As business agendas go for 2022, you can’t do much better than that.
Here are some key tips to help boost your company’s cash flow in the new year:
1. Look at where your finances are today.
There’s no better time than right now to closely review the cash flow situation within your company. As we have suggested before, “Ask your finance team to closely scrutinize all areas where money is being spent.” In fact, consult anyone in the company who has “a close financial understanding of your business” to help you “re-set priorities that emphasize cost reduction, not spending.”
2. Take a strategic approach to paying bills.
It might sound counter-intuitive but trying to pay bills as soon as they come in isn’t necessarily the best strategic approach to boosting cash flow. Focus instead on making payments based on priority of importance to the business (rent, payroll, etc.). When possible, stagger payments to avoid feeling pressure to pay everything at once.
Speaking of paying bills, the start of a new year marks a good occasion to renegotiate contracts with your vendors. Pin down just how much is regularly spent with these suppliers and then investigate what competing vendors might charge for the same types of products or services.
Suppliers who want to retain your business will usually be amenable to offering discounts or a flexible spending plan that allows you keep a healthy cash flow in place.
3. Encourage prompt payment from customers.
Having a steady flow of incoming revenue is essential to healthy cash flow. That’s where accounts receivables come in. The management accounting firm GrowthForce recommends several actions you can take, including:
- Request an initial deposit or partial payment at the beginning of a project with a new client.
- Alter your accounts receivable system so that clients receive your invoice immediately upon delivery of products or services, instead of invoicing for services rendered on a pre-specified day of the month.
- Do a comprehensive evaluation of past due clients and take action to make the appropriate payments, even partially or in a staggered payment schedule.
Finally, do all you can to make customer payments easier to complete, as, for example, through mobile or electronic payment options.
4. Keep a close eye on inventory.
Products that sit in inventory for long periods of time represent a potentially significant drain on your company’s cash flow.
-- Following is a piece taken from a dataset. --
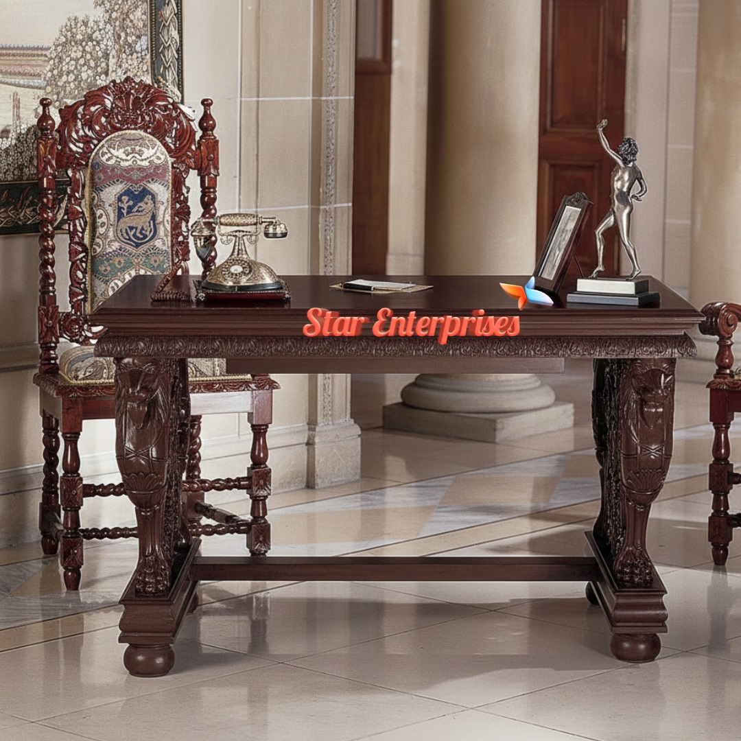 Star Enterprises Wooden Antique Carved Office Desk OFD-024

“Do you have slow-moving or obsolete inventory on hand?” asks Peter Wares, Owner at TAB Windsor-Essex, Chatham. “If you do, get rid of it! Sell it off at a discount. Otherwise, it will just sit there collecting dust.”
5. Do a better job of forecasting.
In many cases, companies have sufficient experience to engage in detailed financial forecasting for the year (or years) ahead. Scott Morris, Director at TAB East Auckland, offers these methods to make forecasting easier:
- Do it quarterly.
- Group accounts into categories.
- Trends are your friends — use rolling three months and rolling 12 months when possible.
- Measureactuals against forecasts each month to improve your forecasting skills.
- Work with a trusted advisor.
“If your forecast shows that your company is not generating cash for the business, you know it's time to take action on your expenses, working capital, or capital expenditure budgets,” adds Peter Santry, Owner at TAB Fairfield County, Connecticut.